**Exercise description**
Once the pictures are removed, reproduce what is left of the data below exactly.

**Given information**
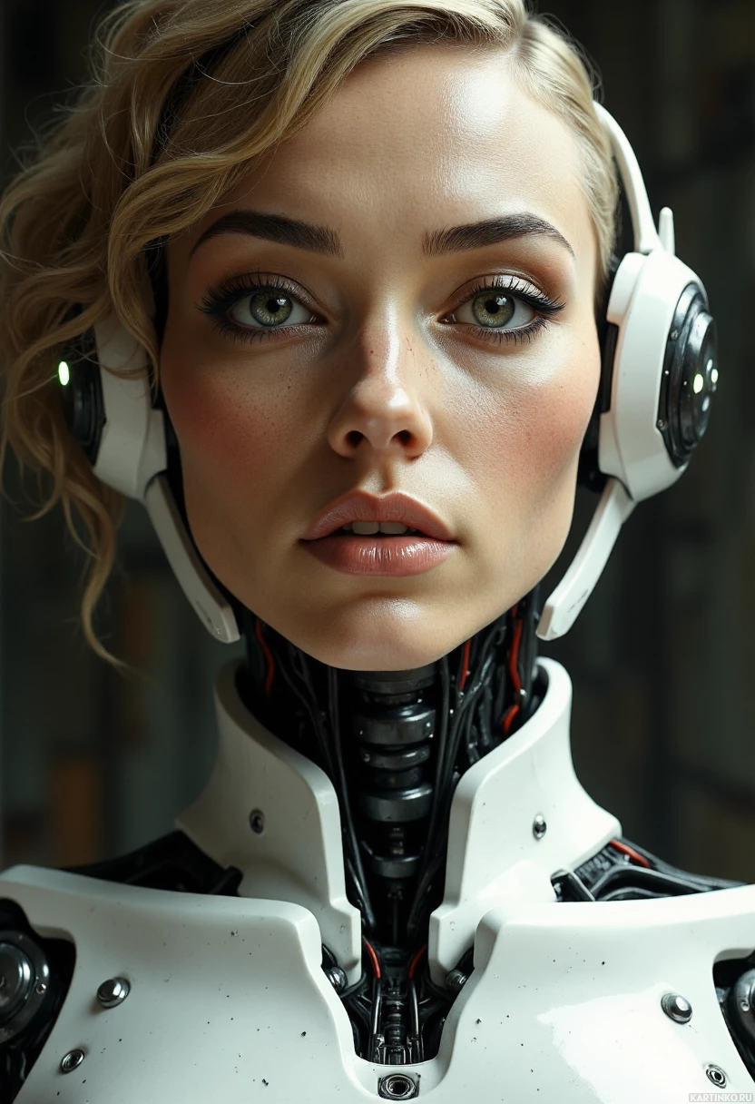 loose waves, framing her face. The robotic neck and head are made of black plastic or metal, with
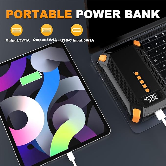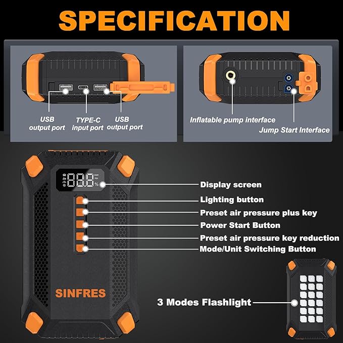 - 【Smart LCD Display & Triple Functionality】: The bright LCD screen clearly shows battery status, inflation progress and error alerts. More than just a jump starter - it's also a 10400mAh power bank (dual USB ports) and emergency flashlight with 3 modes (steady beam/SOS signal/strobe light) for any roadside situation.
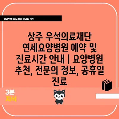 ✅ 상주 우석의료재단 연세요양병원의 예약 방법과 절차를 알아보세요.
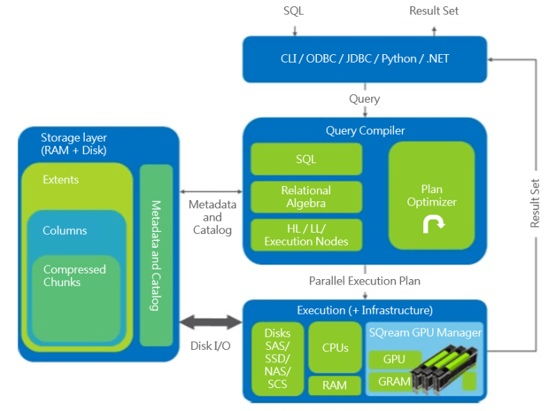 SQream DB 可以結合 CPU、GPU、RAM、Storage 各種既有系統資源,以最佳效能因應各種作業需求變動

**Result of this exercise**
 loose waves, framing her face. The robotic neck and head are made of black plastic or metal, with
 - 【Smart LCD Display & Triple Functionality】: The bright LCD screen clearly shows battery status, inflation progress and error alerts. More than just a jump starter - it's also a 10400mAh power bank (dual USB ports) and emergency flashlight with 3 modes (steady beam/SOS signal/strobe light) for any roadside situation.
 ✅ 상주 우석의료재단 연세요양병원의 예약 방법과 절차를 알아보세요.
 SQream DB 可以結合 CPU、GPU、RAM、Storage 各種既有系統資源,以最佳效能因應各種作業需求變動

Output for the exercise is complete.